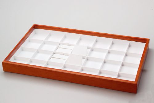 Couvette in legno 24x42cm con allestimeno interno in similpelle bianca 28 caselle 4,5x4,5cm
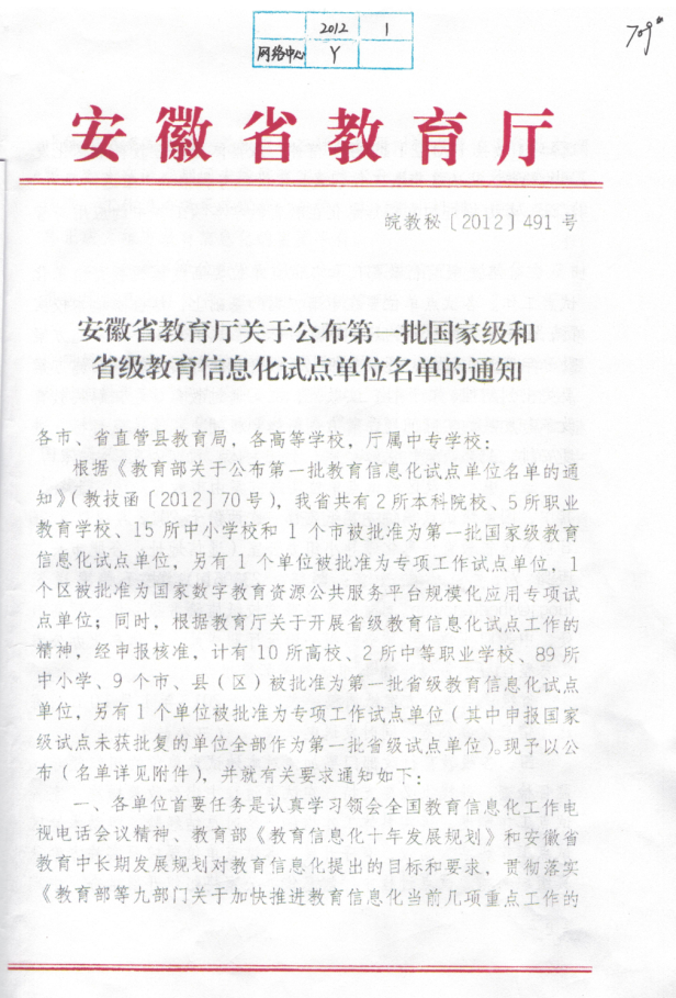 2012年,学院被教育部列为“高等学校教育信息化”试点校
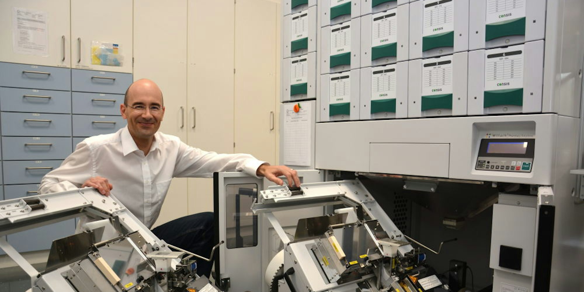 Der Verblisterungsautomat der Ruppichterother Firma Willach versorgt alle stationären Patienten. Geschäftsführer Jens Willach führt die austauschbare Verpackungseinheit vor.
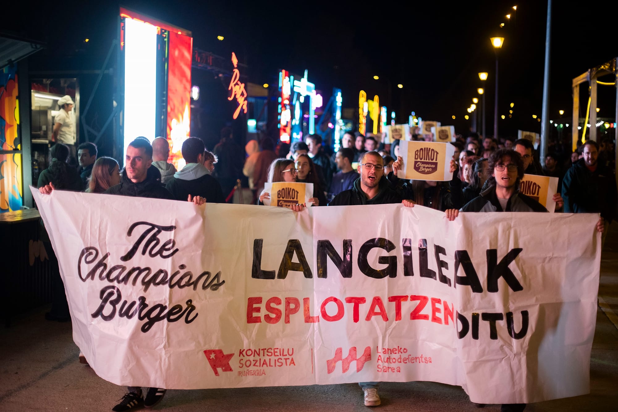 Entre el 22 de octubre y el 2 de noviembre, Iruñerria acogió nuevamente el festival itinerante The Champions Burger. Contra este macroevento, cientos de personas se han movilizado en los últimos días: el pasado 23 de octubre se celebró una multitudinaria asamblea vecinal en Rotxapea, convocada por el Consejo Socialista de Iruñerria y la Gazte Koordinadora Sozialista (GKS), y desde entonces se han organizado diversas protestas en el barrio llamando al boicot a The Champions Burger.

__Prompt__.
Reproduce the lines above exactly, image-free.

__Solution for this exercise__.
 Couvette in legno 24x42cm con allestimeno interno in similpelle bianca 28 caselle 4,5x4,5cm
 2012年,学院被教育部列为“高等学校教育信息化”试点校
 Der Verblisterungsautomat der Ruppichterother Firma Willach versorgt alle stationären Patienten. Geschäftsführer Jens Willach führt die austauschbare Verpackungseinheit vor.
 Entre el 22 de octubre y el 2 de noviembre, Iruñerria acogió nuevamente el festival itinerante The Champions Burger. Contra este macroevento, cientos de personas se han movilizado en los últimos días: el pasado 23 de octubre se celebró una multitudinaria asamblea vecinal en Rotxapea, convocada por el Consejo Socialista de Iruñerria y la Gazte Koordinadora Sozialista (GKS), y desde entonces se han organizado diversas protestas en el barrio llamando al boicot a The Champions Burger.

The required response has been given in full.